Analisando os fatores que impactam esse mercado, 2025 promete ser um ano dinâmico, repleto de avanços tecnológicos e alinhado às novas demandas do consumidor. Conforme nos preparamos para esse futuro promissor, algumas tendências-chave já estão moldando o setor, e, como um player estratégico, precisamos estar atentos para liderar e inovar.

E uma dessas principais tendências que seguirá em alta é a busca por veículos sustentáveis. A eletrificação continuará sendo o principal motor de mudança, com uma previsão de aumento significativo na participação dos veículos elétricos, não apenas no Brasil, mas em mercados globais.

Isso ocorre devido à redução nos custos de produção de baterias e ao avanço da infraestrutura de carregamento. No Brasil, o crescimento do segmento tem sido impulsionado por incentivos fiscais e subsídios que tornam as soluções híbridas e elétricas mais acessíveis ao consumidor.

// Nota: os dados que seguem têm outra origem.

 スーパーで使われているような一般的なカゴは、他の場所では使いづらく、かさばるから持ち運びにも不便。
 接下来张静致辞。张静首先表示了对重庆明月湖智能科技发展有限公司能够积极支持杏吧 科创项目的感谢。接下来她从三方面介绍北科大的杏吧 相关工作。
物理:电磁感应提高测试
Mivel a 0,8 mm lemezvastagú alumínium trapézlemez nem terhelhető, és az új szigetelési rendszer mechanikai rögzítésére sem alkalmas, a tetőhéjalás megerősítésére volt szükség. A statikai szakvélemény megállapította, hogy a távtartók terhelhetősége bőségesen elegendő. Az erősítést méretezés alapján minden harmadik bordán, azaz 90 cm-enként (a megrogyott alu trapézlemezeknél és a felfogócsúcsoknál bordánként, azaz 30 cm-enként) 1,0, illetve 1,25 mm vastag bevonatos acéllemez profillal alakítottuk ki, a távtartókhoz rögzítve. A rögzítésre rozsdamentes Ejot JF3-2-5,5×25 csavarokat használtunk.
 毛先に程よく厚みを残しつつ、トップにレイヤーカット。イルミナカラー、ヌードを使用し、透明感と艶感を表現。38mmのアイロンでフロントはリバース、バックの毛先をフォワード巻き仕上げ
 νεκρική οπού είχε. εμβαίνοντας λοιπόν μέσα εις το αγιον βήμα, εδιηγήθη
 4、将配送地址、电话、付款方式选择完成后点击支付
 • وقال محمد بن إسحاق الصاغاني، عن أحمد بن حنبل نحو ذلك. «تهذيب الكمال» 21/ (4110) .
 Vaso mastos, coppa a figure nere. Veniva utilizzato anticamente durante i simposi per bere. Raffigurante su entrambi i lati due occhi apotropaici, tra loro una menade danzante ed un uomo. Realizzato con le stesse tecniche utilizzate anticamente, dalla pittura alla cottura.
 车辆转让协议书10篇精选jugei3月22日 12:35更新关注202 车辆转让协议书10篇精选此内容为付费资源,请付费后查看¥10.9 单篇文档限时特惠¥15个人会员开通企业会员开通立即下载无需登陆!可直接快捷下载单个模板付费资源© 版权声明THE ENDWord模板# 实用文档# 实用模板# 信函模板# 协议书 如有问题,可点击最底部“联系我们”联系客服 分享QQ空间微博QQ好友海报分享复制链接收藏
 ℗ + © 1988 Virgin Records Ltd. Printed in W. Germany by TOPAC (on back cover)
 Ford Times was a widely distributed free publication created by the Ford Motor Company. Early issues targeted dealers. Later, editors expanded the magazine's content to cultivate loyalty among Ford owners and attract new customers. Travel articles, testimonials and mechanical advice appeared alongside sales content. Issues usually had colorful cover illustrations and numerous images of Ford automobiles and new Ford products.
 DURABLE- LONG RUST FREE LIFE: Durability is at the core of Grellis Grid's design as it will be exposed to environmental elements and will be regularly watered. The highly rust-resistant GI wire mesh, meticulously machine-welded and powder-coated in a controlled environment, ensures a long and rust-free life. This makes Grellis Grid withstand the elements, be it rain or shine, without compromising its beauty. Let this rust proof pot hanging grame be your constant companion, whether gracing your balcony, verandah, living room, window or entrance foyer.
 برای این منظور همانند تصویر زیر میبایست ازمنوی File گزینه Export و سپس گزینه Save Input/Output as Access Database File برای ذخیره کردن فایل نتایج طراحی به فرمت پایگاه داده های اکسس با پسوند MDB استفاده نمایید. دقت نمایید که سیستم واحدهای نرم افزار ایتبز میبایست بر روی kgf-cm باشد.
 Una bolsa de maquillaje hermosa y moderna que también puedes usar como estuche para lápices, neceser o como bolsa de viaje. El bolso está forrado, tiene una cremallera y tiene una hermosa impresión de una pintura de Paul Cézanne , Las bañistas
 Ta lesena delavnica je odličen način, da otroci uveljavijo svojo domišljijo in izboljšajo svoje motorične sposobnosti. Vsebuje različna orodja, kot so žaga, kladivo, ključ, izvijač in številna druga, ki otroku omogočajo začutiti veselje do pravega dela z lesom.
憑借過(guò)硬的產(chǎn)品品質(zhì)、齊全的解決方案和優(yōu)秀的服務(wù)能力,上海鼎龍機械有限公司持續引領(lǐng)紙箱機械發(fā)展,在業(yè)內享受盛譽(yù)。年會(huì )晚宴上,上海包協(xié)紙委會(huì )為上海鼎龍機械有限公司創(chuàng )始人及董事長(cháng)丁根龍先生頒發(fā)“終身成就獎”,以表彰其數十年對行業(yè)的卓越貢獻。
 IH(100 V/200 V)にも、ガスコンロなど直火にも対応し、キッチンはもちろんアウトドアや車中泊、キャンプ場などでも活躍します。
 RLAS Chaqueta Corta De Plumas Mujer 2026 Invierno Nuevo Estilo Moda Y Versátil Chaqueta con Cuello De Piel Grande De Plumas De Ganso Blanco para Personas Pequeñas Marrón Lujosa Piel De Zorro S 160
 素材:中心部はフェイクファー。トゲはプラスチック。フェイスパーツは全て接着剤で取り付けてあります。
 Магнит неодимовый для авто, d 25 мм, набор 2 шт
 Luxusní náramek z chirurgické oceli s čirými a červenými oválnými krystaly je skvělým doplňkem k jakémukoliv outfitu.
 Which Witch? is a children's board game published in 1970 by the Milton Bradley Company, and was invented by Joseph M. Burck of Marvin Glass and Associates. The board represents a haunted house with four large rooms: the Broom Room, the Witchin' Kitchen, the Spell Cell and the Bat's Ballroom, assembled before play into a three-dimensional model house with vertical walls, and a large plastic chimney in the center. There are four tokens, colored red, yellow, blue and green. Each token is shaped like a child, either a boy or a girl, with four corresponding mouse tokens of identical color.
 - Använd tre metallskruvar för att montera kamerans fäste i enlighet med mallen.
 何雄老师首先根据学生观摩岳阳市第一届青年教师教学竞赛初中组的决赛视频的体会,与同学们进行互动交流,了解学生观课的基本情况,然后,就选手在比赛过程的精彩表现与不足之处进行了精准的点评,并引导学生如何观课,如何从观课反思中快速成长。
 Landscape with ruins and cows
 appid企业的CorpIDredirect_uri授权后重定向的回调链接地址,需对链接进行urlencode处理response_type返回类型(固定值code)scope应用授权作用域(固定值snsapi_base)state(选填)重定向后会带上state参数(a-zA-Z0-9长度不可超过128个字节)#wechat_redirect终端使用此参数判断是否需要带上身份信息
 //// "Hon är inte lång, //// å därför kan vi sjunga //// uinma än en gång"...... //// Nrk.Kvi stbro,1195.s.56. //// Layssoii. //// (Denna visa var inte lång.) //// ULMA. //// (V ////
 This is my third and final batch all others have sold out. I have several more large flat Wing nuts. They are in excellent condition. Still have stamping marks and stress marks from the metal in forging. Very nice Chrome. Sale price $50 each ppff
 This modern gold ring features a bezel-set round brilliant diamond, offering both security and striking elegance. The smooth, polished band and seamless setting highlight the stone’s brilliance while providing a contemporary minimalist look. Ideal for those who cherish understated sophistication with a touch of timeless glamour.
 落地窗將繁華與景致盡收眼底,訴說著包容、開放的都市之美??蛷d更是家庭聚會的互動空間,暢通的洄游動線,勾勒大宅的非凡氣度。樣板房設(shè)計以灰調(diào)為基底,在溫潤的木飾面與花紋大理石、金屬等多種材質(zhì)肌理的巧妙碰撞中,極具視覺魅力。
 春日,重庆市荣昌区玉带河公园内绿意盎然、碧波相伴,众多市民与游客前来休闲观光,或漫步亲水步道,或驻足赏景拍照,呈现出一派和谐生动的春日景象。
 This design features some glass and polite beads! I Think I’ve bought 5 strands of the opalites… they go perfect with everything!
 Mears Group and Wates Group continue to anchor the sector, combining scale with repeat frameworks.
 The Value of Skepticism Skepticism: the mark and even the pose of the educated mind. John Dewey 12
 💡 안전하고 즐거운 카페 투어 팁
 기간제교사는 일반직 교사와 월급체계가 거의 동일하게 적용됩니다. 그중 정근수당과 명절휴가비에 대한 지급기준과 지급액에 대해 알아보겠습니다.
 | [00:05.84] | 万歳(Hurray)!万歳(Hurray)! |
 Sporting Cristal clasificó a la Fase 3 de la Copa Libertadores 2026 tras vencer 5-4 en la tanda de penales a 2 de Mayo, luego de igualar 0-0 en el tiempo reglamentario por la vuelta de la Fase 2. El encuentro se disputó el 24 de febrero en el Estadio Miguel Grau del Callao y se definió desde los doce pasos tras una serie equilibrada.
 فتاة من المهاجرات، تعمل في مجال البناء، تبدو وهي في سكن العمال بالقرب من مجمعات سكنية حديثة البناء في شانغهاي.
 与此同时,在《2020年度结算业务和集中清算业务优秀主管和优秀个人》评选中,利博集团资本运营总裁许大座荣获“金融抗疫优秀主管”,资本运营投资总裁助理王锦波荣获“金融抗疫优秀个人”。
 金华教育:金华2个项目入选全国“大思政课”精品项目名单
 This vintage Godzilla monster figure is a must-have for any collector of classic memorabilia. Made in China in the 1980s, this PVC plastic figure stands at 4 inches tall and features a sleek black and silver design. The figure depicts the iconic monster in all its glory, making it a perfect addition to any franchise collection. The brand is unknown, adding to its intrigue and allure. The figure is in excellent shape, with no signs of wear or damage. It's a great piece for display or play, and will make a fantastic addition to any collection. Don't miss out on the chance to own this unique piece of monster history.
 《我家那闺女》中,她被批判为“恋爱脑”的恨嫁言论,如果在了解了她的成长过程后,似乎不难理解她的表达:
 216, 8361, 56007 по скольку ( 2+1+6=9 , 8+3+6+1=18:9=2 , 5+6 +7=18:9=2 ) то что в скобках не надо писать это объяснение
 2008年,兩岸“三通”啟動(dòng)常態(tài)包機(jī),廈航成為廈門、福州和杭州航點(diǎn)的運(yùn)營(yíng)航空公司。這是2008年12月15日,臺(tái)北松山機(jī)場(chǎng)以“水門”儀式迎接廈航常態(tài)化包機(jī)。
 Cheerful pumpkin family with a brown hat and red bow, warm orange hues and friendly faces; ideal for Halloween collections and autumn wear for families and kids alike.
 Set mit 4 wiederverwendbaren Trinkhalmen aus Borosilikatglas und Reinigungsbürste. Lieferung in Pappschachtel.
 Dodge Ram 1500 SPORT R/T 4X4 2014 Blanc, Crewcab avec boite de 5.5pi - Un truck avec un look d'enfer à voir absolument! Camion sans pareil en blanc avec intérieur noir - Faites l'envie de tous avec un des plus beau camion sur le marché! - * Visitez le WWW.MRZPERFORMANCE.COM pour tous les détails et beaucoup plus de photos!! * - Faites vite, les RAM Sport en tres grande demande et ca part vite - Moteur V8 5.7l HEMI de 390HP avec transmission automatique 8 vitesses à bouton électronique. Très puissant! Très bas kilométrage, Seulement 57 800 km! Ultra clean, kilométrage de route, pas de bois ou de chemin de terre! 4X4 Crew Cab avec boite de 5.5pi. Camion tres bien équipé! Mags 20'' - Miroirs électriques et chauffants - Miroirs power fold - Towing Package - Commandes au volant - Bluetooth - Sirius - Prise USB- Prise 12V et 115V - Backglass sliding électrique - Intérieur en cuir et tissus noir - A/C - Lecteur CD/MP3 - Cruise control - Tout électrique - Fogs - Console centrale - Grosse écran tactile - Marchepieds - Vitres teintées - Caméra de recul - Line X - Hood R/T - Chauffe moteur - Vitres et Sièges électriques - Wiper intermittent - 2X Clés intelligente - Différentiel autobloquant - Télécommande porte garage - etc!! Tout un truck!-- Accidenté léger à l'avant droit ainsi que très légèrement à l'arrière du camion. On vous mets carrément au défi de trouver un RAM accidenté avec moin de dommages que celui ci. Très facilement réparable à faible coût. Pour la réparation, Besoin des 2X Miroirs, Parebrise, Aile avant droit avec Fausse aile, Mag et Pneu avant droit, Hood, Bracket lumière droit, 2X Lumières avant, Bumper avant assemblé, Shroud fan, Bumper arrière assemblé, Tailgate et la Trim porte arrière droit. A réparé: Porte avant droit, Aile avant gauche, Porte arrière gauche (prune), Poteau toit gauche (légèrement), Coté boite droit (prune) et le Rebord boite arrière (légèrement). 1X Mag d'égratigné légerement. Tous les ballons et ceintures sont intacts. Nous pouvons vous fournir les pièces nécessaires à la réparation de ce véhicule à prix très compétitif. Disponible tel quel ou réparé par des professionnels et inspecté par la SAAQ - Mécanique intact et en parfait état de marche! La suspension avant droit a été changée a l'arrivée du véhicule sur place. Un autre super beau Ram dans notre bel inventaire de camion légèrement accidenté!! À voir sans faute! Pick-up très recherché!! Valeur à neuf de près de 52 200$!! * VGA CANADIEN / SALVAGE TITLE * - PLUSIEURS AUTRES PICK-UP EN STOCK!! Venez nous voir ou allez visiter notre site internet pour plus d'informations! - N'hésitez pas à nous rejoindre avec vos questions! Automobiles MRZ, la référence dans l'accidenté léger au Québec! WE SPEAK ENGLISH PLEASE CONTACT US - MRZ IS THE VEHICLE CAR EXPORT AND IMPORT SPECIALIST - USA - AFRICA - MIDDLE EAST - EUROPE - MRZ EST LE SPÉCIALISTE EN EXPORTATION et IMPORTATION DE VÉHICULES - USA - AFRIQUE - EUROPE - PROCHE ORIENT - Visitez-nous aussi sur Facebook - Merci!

Além disso, a busca por sustentabilidade permeia todos os aspectos da vida moderna, inclusive a mobilidade urbana. A produção de veículos elétricos tornou-se mais limpa, com o uso de materiais recicláveis, consolidando a responsabilidade ambiental como um diferencial competitivo.

Apesar das transformações tecnológicas, uma coisa não mudará em 2025: o foco na experiência do cliente. As empresas que conseguem oferecer atendimento excepcional, simplificar processos e garantir um suporte eficiente sairão na frente, conquistando a fidelidade de seus consumidores.

No Grupo Mônaco, valorizamos essa conexão desde a nossa fundação, na década de 1970. Meu pai, Armindo Denardin, ao inaugurar nossa primeira concessionária em Altamira, no Pará, chamava seu empreendimento de “Casa de Amigos”. Esse espírito de proximidade e atenção personalizada, seja para fechar um negócio ou apenas para receber bem quem nos procura, é um legado que mantemos até hoje.

O futuro do mercado automotivo não é apenas sobre tecnologia; é sobre como utilizamos essa tecnologia para melhorar vidas e gerar um impacto positivo no planeta. No Grupo Mônaco, estamos comprometidos em liderar essa transformação, com inovação, excelência e uma visão estratégica que priorize nossos clientes, colaboradores e parceiros.

2025 será um ano para acelerar. Estou confiante de que estamos prontos para essa jornada, que promete grandes conquistas e novas possibilidades para montadoras, concessionárias e, principalmente, para nossos clientes. Que venha o novo!